Step 7/8. Run the Jira plugin

After finishing your configuration, you can now run the plugin and test your Jira-based Access Request flow:

Run the following on your Linux host:

$ sudo teleport-jira start
INFO Starting Teleport Jira Plugin 12.1.1: jira/app.go:112
INFO Plugin is ready jira/app.go:142

Check the status of the webhook

Confirm that the Jira webhook has started serving by sending a GET request to the /status endpoint. If the webhook is running, it will return a 200 status code with no document body:

$ curl -v https://example.com:8081/status 2>&1 | grep "^< HTTP/2"
< HTTP/2 200

Create an Access Request

Sign in to your cluster as the myuser user you created earlier and create an Access Request:

A Teleport admin can create an Access Request for another user with tctl:

$ tctl request create myuser --roles=editor

When you create the request, you will see a new task in the "Pending" column of the Teleport Access Requests board:

New Access Request

Resolve the request

Move the card corresponding to your new Access Request to the "Denied" column, then click the card and navigate to Teleport.
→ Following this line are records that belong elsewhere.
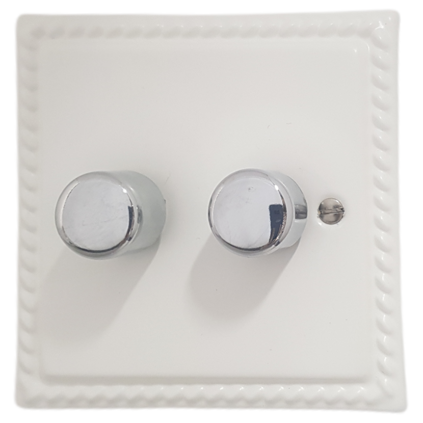 Monarch White LED Dimmer (2 Gang/Chrome Caps)
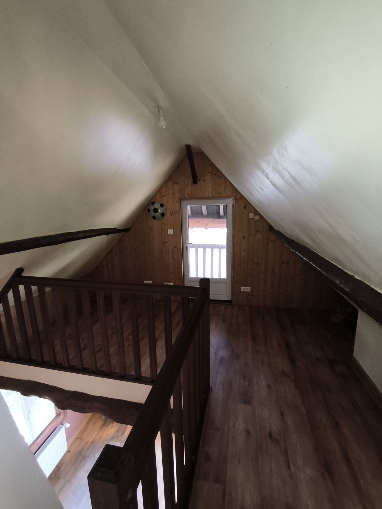 A l'étage, une grande pièce palière donne accès à une chambre, un dressing et une salle de bain avec WC, mezzanine au dessus du salon.
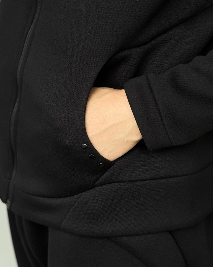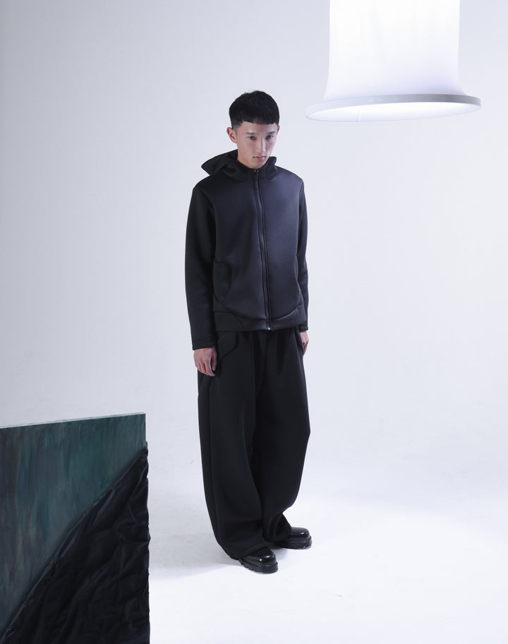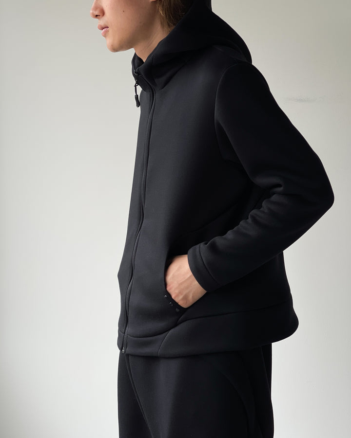This set-up item is inspired by insects and nature, and features panel switching and a silhouette with ryaw-like curves. The pockets of the zip hoodie are decorated with original studs.
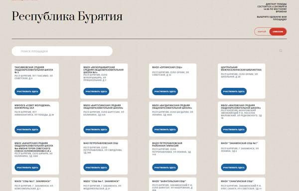 К примеру, в Иволгинском районе диктант напишут в Иволгинской межпоселенческой центральной библиотеке имени А.Д. Бадаева. В Баргузинском – в Баргузинской средней общеобразовательной школе. В Курумканском – в районном центре дополнительного образования. В Улан-Удэ площадками станут школы, гимназии, лицеи, а также БГСХА и национальный музей РБ. Посмотреть полный список площадок можно на сайте диктанта.
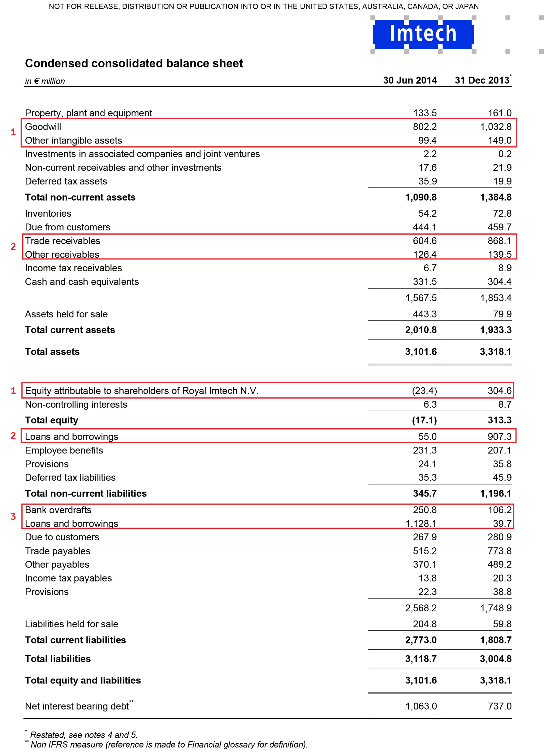 Y es que en los primeros 6 meses de 2014 los resultados de Royal Imtech no dejan demasiado lugar para el optimismo. A parte de la segunda ampliación de capital, en verano de 2014 se ha anunciado la venta de ICT, una de las divisiones más rentables de Imtech, a Vinci por 255 millones de euros. Ese precio equivale a unas 7x EBITDA y 1.1x su valor en libros. Eso son rebajas y no lo del Corte Inglés.
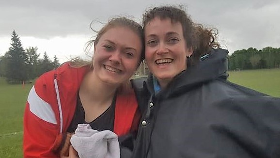 Sesmith’s Keyanna Anderson (left) and coach Ali Lario (right) celebrate Anderson’s gold medal performance in the discus at the 2018 ASAA High School Provinicials in Red Deer
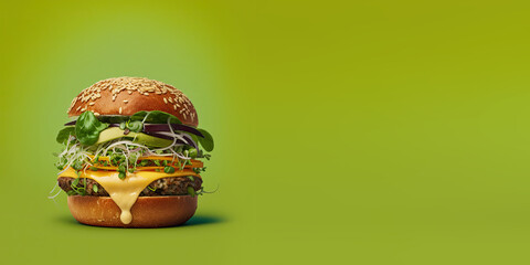 Vegetarian Burger on a Green Background with Space for Copy (Generative AI)
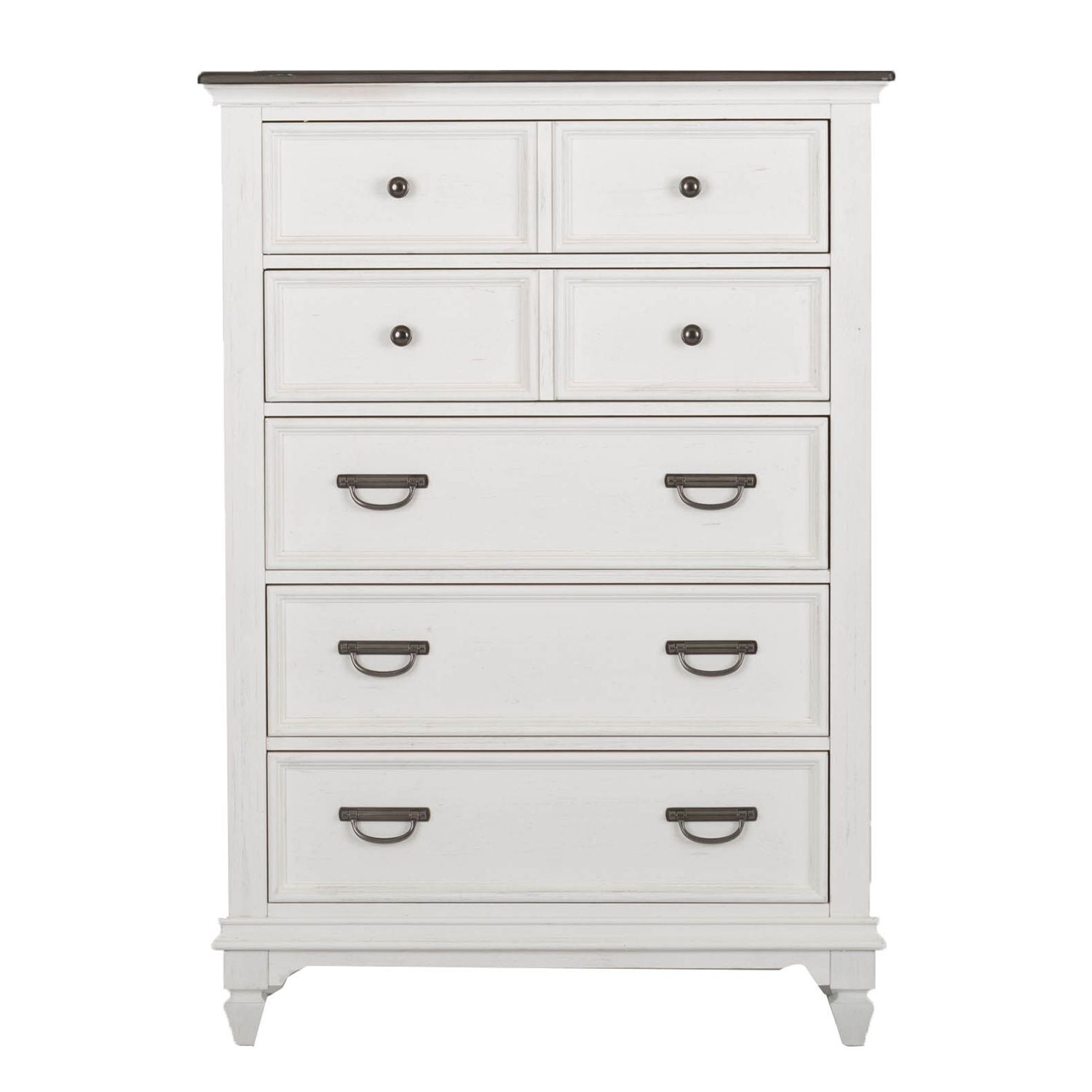 Bring beauty indoors with the Allyson Park California king panel bed, dresser, mirror, and chest. Crafted of pine solids and veneers with cathedral white oak tops, this kit features a wire brushed white finish with planked charcoal tops, bead molding, full extension drawers with felt lined top drawers, and is accented with antique pewter knob and drop bail hardware. The panel bed features a planked headboard and footboard in a two-tone finish. The dresser has eight drawers of varying sizes and pairs well with the crown mirror with its bead molding and beveled edge. The chest offers an additional five drawers of storage, with the top two drawers having bluff-cut drawer fronts to give the illusion of multiple smaller drawers, while still offering deep storage. Allyson Park offers cottage styles you love in a wire brushed two tone finish that will work from the beach to the mountains to an industrial loft.

You will see that the Access Request has been denied.

Auditing Access Requests

Anyone with access to the Jira project board can modify the status of Access Requests reflected on the board. You can check the Teleport audit log to ensure that the right users are reviewing the right requests.

When auditing Access Request reviews, check for events with the type Access Request Reviewed in the Teleport Web UI.

Step 8/8. Set up systemd

tip

This step is only applicable if you are running the Teleport Jira plugin on a Linux machine.

In production, we recommend starting the Teleport plugin daemon via an init system like systemd. Here's the recommended Teleport plugin service unit file for systemd:

[Unit]
Description=Teleport Jira Plugin
After=network.target

[Service]
Type=simple
Restart=on-failure
ExecStart=/usr/local/bin/teleport-jira start --config=/etc/teleport-jira.toml
ExecReload=/bin/kill -HUP $MAINPID
PIDFile=/run/teleport-jira.pid

[Install]
WantedBy=multi-user.target

Save this as teleport-jira.service or another unit file load path supported by systemd.